The Commissioner must next consider whether this eligible employment arrangement was altered in a material way or renewed between 7.30 pm on 8 May 2012 and 30 September 2012.
Paragraph 11.10 of the Fringe benefits tax: a guide for employees provides guidance on when an employment arrangement is considered to be altered in a material way or renewed:
Material variation or renewal of employment arrangement
A material variation occurs when fundamental changes are made to the employment arrangement.
For the purposes of the transitional rules, an annual salary review is not a material variation to an employment arrangement. Changes to an employment arrangement to reflect other annual adjustments, such as the food component of a LAFHA, do not constitute a material variation.

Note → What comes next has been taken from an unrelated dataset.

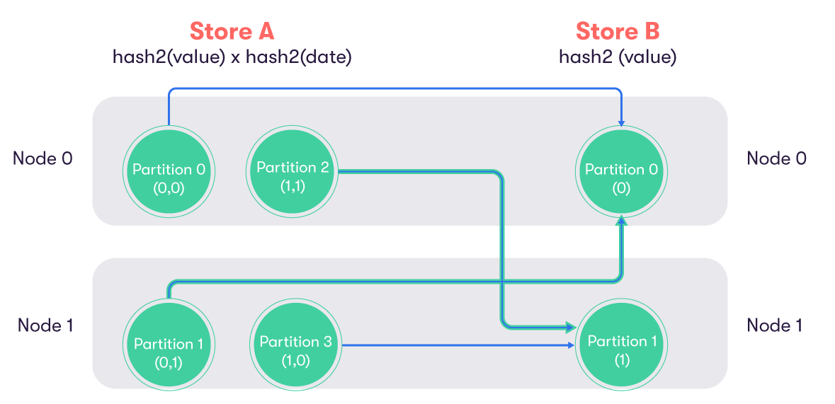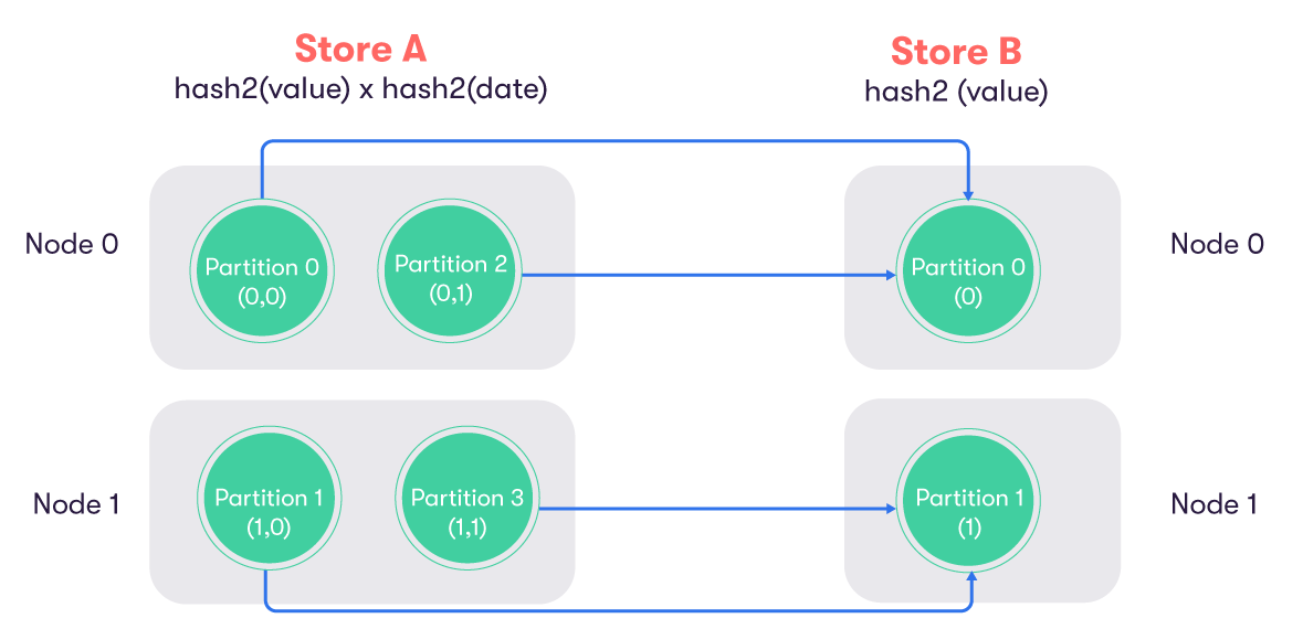 Target store partitioning:value(A) | hash2(B)This partitioning is valid, as all fields of the target store partitioning are present in the owner store, and

In the case of promotions, it will be a matter of fact, depending on the circumstances of each case - for example, if an employee is promoted and the underlying terms of their employment arrangement do not change, there has not been a material variation in the employment arrangement. However, if there are fundamental differences to the employment arrangement arising from the promotion, the employment arrangement has been the subject of a material variation.
Where an employer formally extends the employee's secondment period, through issuing a new contract or by letter confirming an extension to a current arrangement, that would constitute a material variation or renewal of an eligible employment arrangement.

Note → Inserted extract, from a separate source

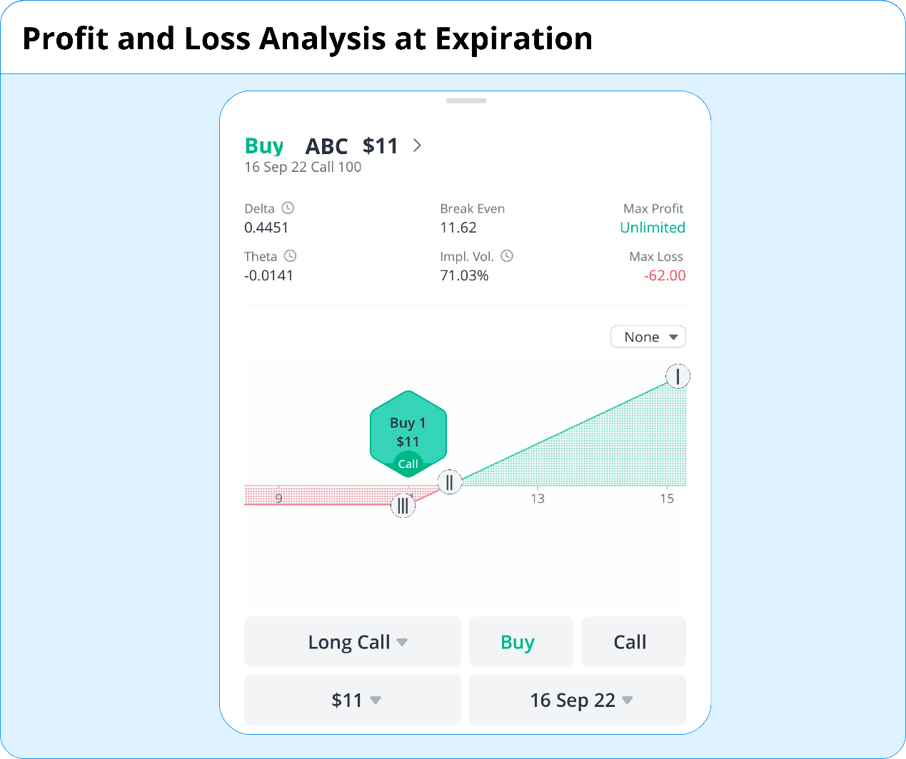 สมมติว่าราคาหุ้น ABC ซื้อขายที่ราคาประมาณ 10.24 ดอลลาร์ คุณมีมุมมองว่าหุ้น ABC มีแนวโน้มเป็นขาขึ้น คุณจึงซื้อ Call Option อ้างอิงหุ้น ABC จำนวน 1 สัญญาที่ราคาใช้สิทธิ์ 11 ดอลลาร์ หมดอายุในวันที่ 16 กันยายน 2022 และค่าพรีเมียมของสัญญาออปชันนี้อยู่ที่ 0.62 ดอลลาร์ ความเสี่ยงและผลตอบแทนของคุณจะเป็นอย่างไรหากคุณถือสัญญานี้จนถึงวันหมดอายุ?

The Commissioner has determined above that the employee was covered by an eligible employment arrangement, as at 7.30 pm on 8 May 2012.
During the period between 7.30 pm on 8 May 2012 and 30 September 2012 the only change in circumstance occurred on 29 May 2012 when final approval of the employee's deferral of the commencement date of the position until early 2013 was granted.

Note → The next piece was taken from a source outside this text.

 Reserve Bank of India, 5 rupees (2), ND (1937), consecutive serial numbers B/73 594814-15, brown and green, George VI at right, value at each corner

Therefore, the only change to the employee's circumstances during this period was that the commencement date of the position was confirmed.
Such a change does not constitute a fundamental change to your commitment to pay an 'accommodation allowance' to the employee for the two year period.
Therefore, it is concluded that the employee was covered by an eligible employment arrangement as at 7.30 pm on 8 May 2012 and that arrangement was not materially varied or renewed during the entire period staring at 7.30 pm on 8 May 2012 and ending on 30 September 2012.
Conclusion
As the employee is neither a temporary or a foreign resident and had an eligible employment arrangement in place as at 7.30 pm on 8 May 2012 and as that arrangement was not materially varied or renewed during the entire period starting at 7.30 pm on 8 May 2012 and ending on 30 September 2012, the transitional rules at section 27 of the Tax Laws Amendment (2012 Measures No. 4) Act 2012 will apply in the calculation of the taxable value of the LAFHA fringe benefit, being the 'accommodation allowance', provided to the employee by you for the period up to 30 June 2014.
Under the transitional provisions paragraph 31C(a) and section 31D are disregarded. therefore, for the period up until 30 June 2014, subsection 31(2) can be used to calculate the taxable value of the living-away-from-home fringe benefit if:
• it is reasonable to expect the employee to resume living at the place in Australia where they usually reside at the end of the appointment; and
• the employee provides you with the relevant declarations.
At the conclusion of the transitional period on 30 June 2014, it will no longer be possible to use subsection 31(2) to calculate the taxable value of the allowance as the requirements of sections 31C(about maintaining an Australian home) and 31D (the 12 month limit) will not be met.